Research And Realization Of Distributed Network Security Audit System

With the application of computer and the development of computer network, information security and network security problems become more and more important. In this case, security audit system comes out, it works as a third line of defence protecting the system from the security issues can't be detected by the firewall and the intrusion detection systems. And it makes all of the information system visual, it records security events occur in the system and afterwards evidences for real-time analysis and unauthorized activities.The article consists of two parts: one part studies and summaries the status of electronics and information security and the theories and technologies of security.
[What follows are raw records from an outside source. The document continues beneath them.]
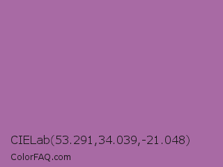 CIELab 53.291,34.039,-21.048 Color is a normal magenta color and the nearest color is Pearly Purple #b768a2. Hex code #a86aa4 and RGB value is rgb(168,106,164). In RGB color space, this color is composed of 66% red, 42% green, 64% blue, In CMYK color space, this color is composed of 0% cyan, 37% magenta, 2% yellow , 34% black , In HSL color space, this color has a hue angle of 304° , 26% saturation and 54% lightness.
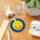 Um sol amarelo de olhos verdes sorrindo sobre um fundo azul. Adicione seu próprio texto. Você pode alterar a cor do texto e do plano de fundo.
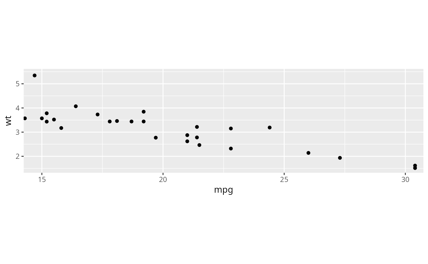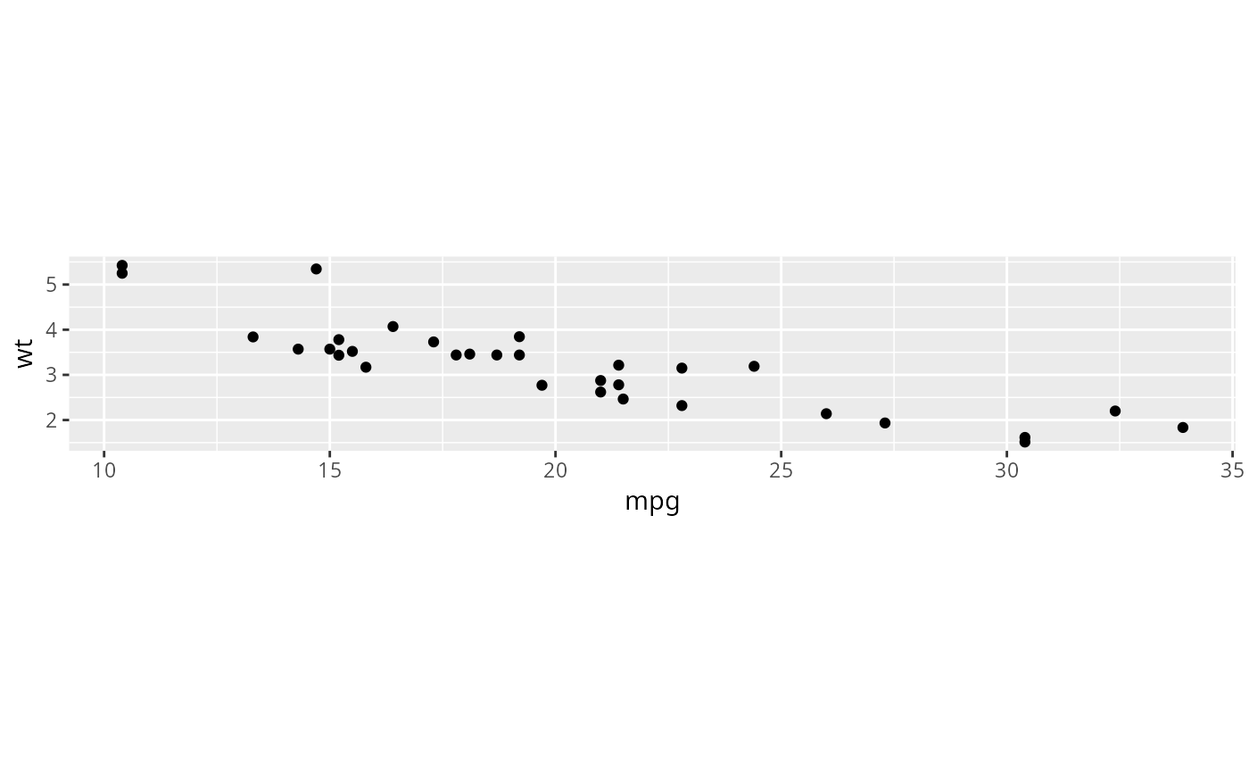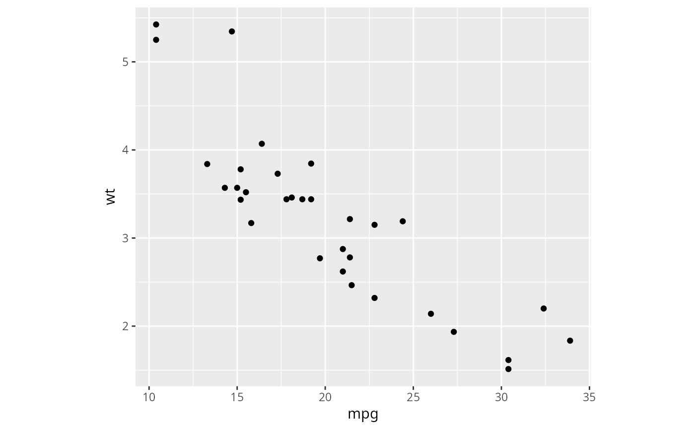 p <- ggplot(mtcars, aes(mpg, wt)) + geom_point()

The other part designs and partly implements a distributed network security audit system.Start from computer information security problems, we introduce the criteria about secure evaluating. Based on the introducing and analyzing the relevant technology of information security, we come up with the concept of security audit system, and give a more systemic summarization and expatiation to the system and its relevant technology. Then, according to the demands of information security and needs of security audit function to the CC criteria, we design a distributed network security audit system which leans to the security of interior network. The system takes a particular technology that combines with distributed audit and a group of Agents.Logs obtaining and intact audit of analysis comprehensively ensure security audit to the information system, we introduce some designs of the primary technologies taken on the distributed network security audit system, including: intrusion detection design, the function of audit console design, the agent based on host and audit protocol design.At last, based on operation system of Windows XP, data-base system Mysql and using Visual++6, we work out partial module of those functions: main interface based on host of audit system, real time supervision of network flow, host-log, regulation setting, collecting and querying audit-information of screen, keyboard or mouse.